Now, there were times when John would double over and clutch his stomach from the overbearing shock of whatever it was curling in the pit of his stomach, ice cold and sharp, like crystals growing inside of him. It wasn’t painful, not the piercing kind of pain that he’d felt inside the game from going limp on blades. It was just… overbearing.
Once, on a late night when he was brushing his teeth before bed and he washed his hands, John had gasped and choked on air when he suddenly felt an unseen grasp twist something inside him, before he had glitched and teleported in a burst of light straight into the bathroom wall. John had coughed in pain and part confusion, rubbing the back of his head where it had hit the tile. When he steadied his weight against the sink, he caught sight of himself-- and his eyes were radiating that haunting, white glow again, like someone had trapped LED-lights under his corneas.
He wondered if that’s when he’d started to loathe himself.
That train of thought was cut short when he heard his phone chime with a notification inside his pocket.

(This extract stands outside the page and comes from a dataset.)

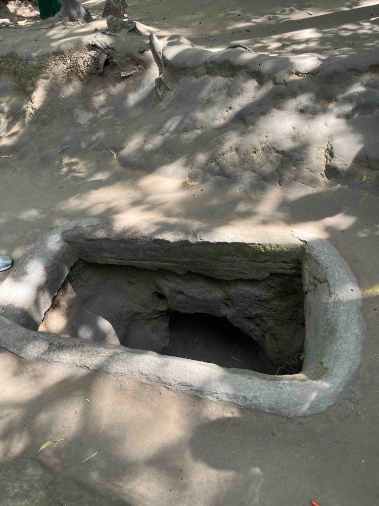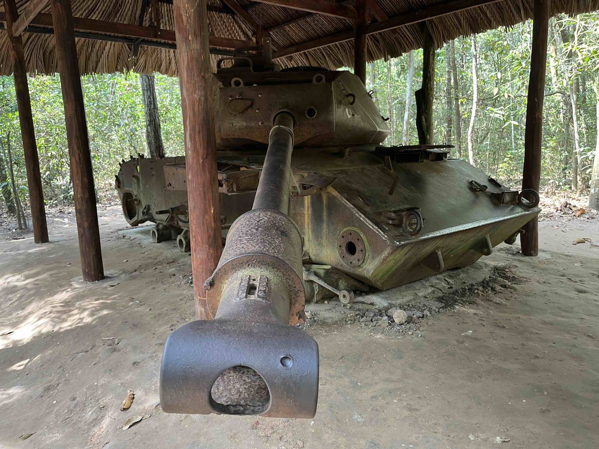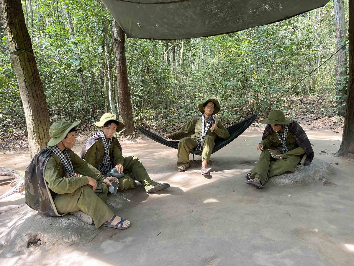 Jihozápadně od Saigonu jsou turistickou atrakcí tunely Cu Chi, které komunističtí partyzáni používali k úkrytu a přesunům. (Na snímku figuríny partyzánů.)

He considered ignoring it, but after the fifth ring within less than a minute, John gave in and pulled it out. As he entered the code to unlock it, he was met with a familiar orange text filling his screen.
timaeusTestified [TT] began pestering ectoBiologist [EB] at 02:39 AM
TT: John.
TT: I need you to do us both a favor head straight the fuck to bed.
TT: There’s a meeting tomorrow and I’m telling you right now I’ll drag you there myself if you don’t attend it.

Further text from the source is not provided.